Die Sorge um das Wohl der Jugend regte sich gleich nach Kriegsende. Als ob die Wirklichkeit nicht jugendgefährdend genug gewesen wäre, regte F. J. Strauß bereits 1949 ein „Bundesgesetz gegen Schmutz und Schund“ an, was viele angesichts der allgemeinen Notlage als ziemlich absurd empfanden. Am 18. Mai 1954 war es doch so weit und die Bundesprüfstelle mit gerichtsähnlicher Funktion gegründet. Seitdem machen es sich Berufsbesorgte in ständig wechselnder Gremienbesetzung unter der Leitung ihrer derzeitigen Vorsitzenden, Elke Monssen-Engberding, zur Aufgabe, gefährdungsgeneigte Halbwüchsige vor „Schmutz und Schund“ zu bewahren, indem sie bis auf Tageszeitungen und Radio-/TV-Sendungen alle Medienobjekte „indizieren“ können.
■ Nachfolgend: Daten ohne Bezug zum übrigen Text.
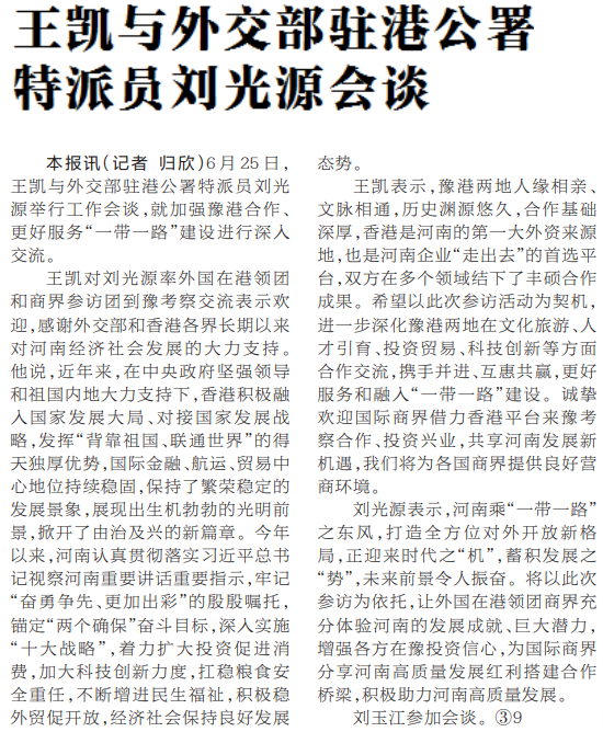 6月25日,王凯与外交部驻港公署特派员刘光源举行工作会谈,就加强豫港合作、更好服务“一带一路”建设进行深入交流。(今日《河南日报》1版)

Nach Jahrzehnten des spießigen Herummäkelns an blanken Busen werden heute keine von der Freiwilligen Selbstkontrolle freigegebenen Filme oder PC-Spiele mehr indiziert, es landen kaum noch Comics auf dem Index, und man konzentriert sich eher auf rechtsextreme Inhalte. Bedenklich bleiben jedoch die gerichtlichen Totalverbote der Prüfstelle wie „Braindead“, „Tanz der Teufel“ oder „Texas Chainsaw Massacre“. Und aktuelles Beispiel: der Splatter „Blood Feast“ von 1963 (!) – obwohl die Filmwissenschaft alle genannten Werke als Kunst einstuft. Selbst Frank Trebbins Filmlexikon „Die Angst sitzt neben Dir“ (als CD-ROM) darf nicht mehr gehandelt werden.
Statt auf eine Förderung der Medienkompetenz setzt man hierzulande beim mündigen Bürger immer noch auf die normative Kraft des faktischen Totalverbotes. Daran wird sich so schnell wohl nichts ändern, der nächste Werte-Backlash hat sich ja bereits angekündigt.